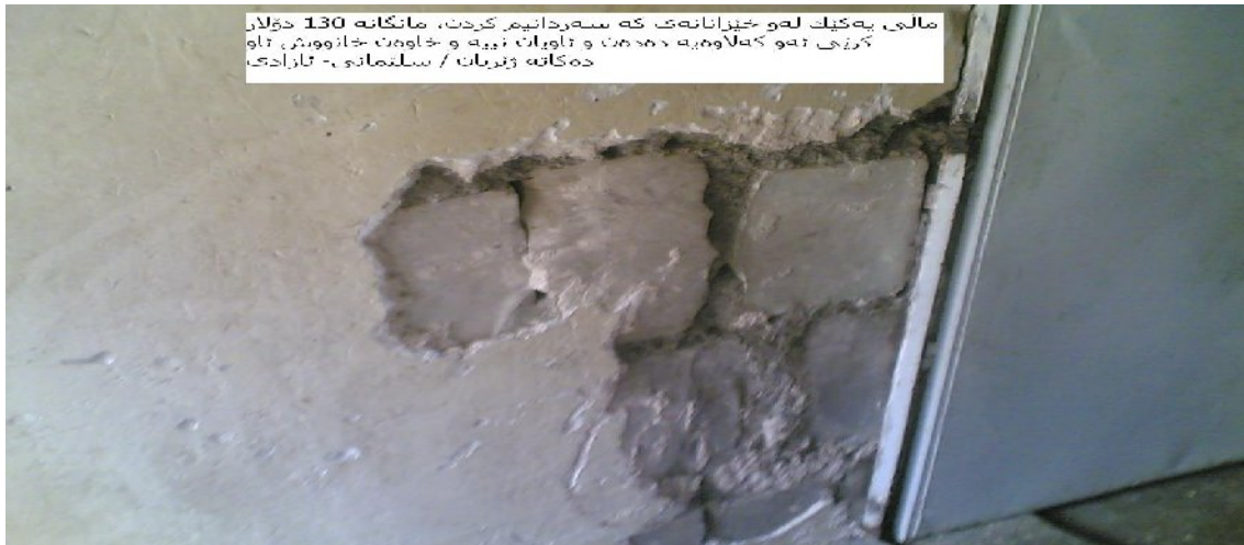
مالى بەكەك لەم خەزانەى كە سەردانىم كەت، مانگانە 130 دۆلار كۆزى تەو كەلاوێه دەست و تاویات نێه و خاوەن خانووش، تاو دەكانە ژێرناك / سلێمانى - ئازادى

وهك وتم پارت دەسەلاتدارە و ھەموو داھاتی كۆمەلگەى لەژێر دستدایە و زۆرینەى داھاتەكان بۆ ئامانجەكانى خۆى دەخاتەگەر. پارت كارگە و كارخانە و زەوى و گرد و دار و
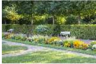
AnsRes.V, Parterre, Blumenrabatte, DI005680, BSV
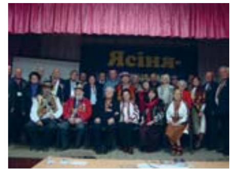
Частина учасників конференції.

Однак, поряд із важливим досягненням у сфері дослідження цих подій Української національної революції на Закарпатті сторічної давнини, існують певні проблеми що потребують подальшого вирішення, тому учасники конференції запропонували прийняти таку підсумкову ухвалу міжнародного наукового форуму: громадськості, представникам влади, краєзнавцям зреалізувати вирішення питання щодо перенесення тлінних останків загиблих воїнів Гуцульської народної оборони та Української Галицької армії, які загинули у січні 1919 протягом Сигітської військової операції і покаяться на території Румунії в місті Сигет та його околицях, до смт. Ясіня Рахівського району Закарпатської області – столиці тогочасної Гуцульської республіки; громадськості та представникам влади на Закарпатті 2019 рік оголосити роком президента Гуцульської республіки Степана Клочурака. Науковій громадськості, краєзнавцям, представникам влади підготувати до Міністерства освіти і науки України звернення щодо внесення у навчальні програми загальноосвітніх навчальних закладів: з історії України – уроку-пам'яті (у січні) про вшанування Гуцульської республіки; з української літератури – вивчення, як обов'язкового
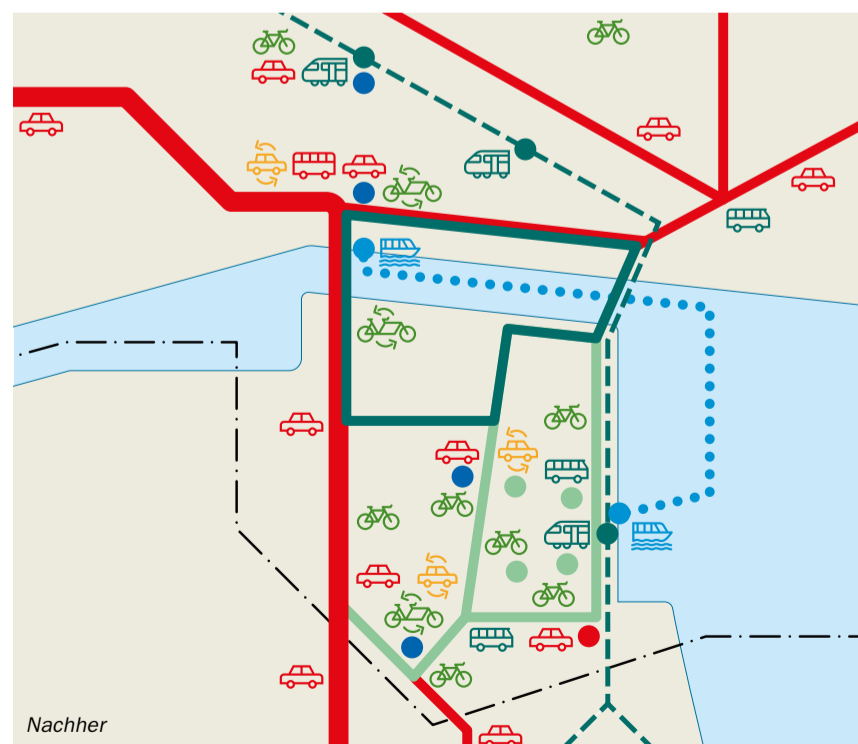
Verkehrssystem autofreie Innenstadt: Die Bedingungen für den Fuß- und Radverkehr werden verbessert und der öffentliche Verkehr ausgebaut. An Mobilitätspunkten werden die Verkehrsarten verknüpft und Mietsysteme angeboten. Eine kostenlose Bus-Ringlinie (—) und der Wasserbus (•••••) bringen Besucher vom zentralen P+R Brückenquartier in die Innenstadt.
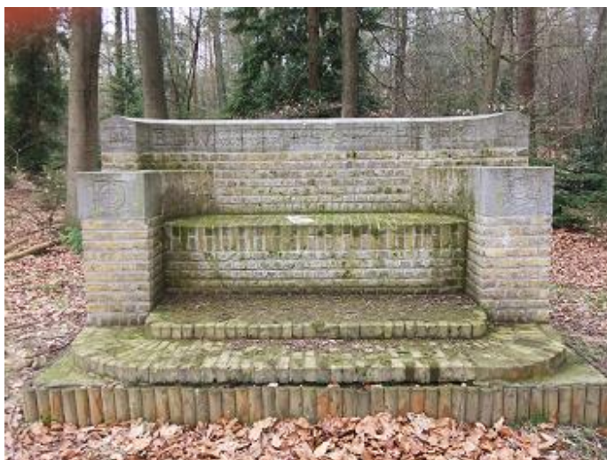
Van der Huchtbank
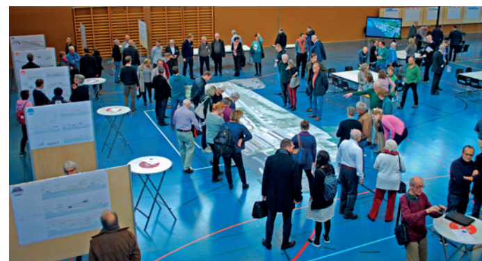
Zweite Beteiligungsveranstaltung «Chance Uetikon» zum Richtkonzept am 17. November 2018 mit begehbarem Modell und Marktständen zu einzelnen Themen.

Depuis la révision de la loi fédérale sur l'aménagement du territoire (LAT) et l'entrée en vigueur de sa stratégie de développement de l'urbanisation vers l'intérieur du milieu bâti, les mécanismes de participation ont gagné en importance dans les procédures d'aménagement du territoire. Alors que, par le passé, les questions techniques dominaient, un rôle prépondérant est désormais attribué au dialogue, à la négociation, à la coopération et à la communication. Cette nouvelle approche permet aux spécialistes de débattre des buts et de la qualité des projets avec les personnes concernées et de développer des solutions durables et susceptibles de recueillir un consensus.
_____
Count the lines of the material that contain the word "конференції" and state the resulting number without further remark.

Result for this task:
2